WHAT TO PRODUCE — From the records below, print only the part that opens with the line containing "Katze Abby wird" and closes with the line containing "中国天气网讯 今天(27日)"; omit the pictures.

EXTRACTED MATERIAL —
____

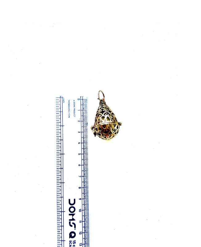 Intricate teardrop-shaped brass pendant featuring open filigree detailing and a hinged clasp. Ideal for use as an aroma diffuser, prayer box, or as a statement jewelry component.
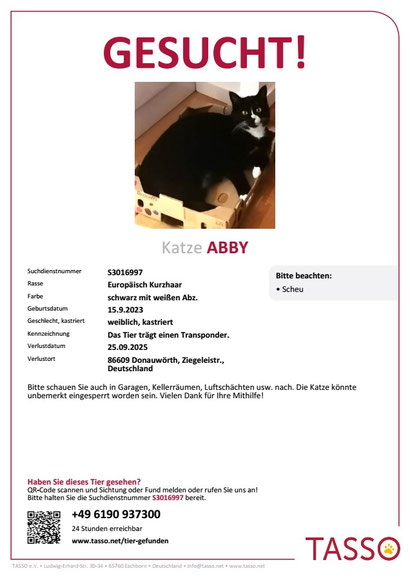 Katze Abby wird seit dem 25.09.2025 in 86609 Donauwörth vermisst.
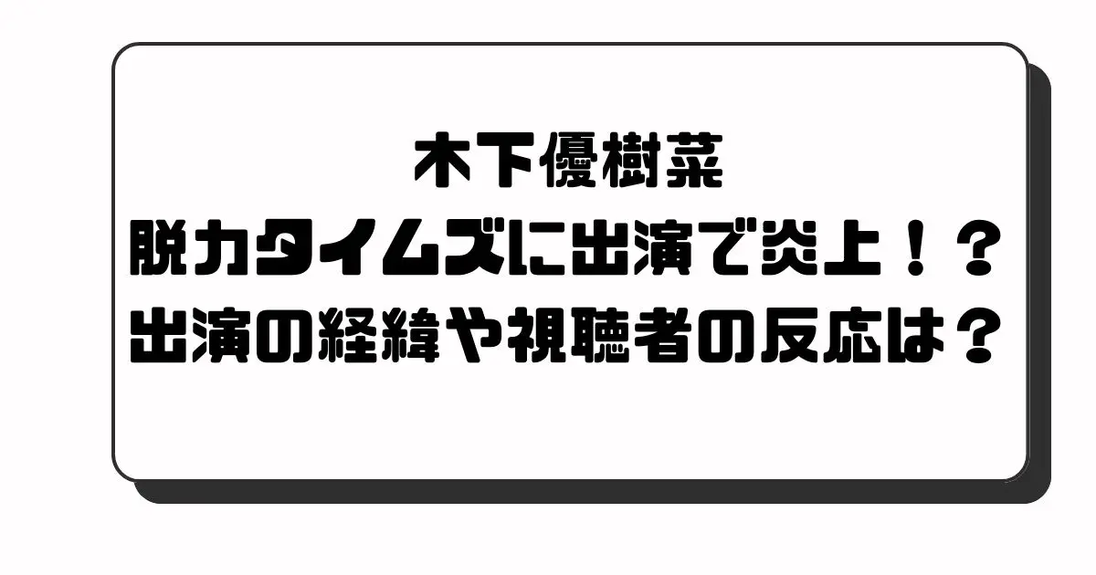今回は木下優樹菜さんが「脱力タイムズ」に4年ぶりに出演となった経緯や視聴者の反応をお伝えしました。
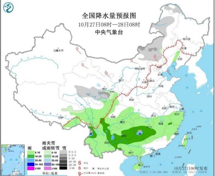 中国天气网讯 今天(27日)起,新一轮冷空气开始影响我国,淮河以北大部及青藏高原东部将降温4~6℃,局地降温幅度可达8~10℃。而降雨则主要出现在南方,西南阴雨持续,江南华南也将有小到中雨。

____

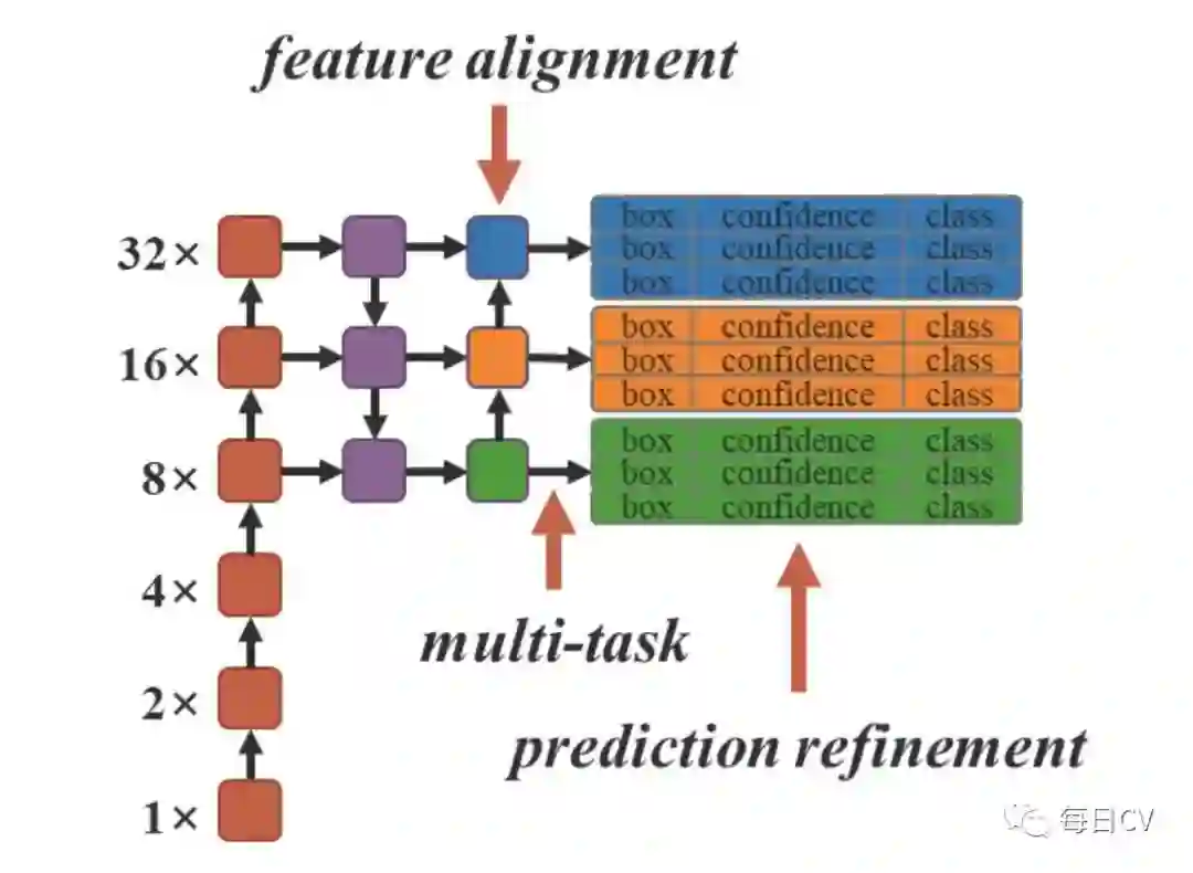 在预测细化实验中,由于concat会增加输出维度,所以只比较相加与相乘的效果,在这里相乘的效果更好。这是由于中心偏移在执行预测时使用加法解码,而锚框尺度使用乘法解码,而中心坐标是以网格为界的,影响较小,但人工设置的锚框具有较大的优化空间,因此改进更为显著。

____

RESPONSE FOR THIS EXERCISE —
 Katze Abby wird seit dem 25.09.2025 in 86609 Donauwörth vermisst.
今回は木下優樹菜さんが「脱力タイムズ」に4年ぶりに出演となった経緯や視聴者の反応をお伝えしました。
 中国天气网讯 今天(27日)起,新一轮冷空气开始影响我国,淮河以北大部及青藏高原东部将降温4~6℃,局地降温幅度可达8~10℃。而降雨则主要出现在南方,西南阴雨持续,江南华南也将有小到中雨。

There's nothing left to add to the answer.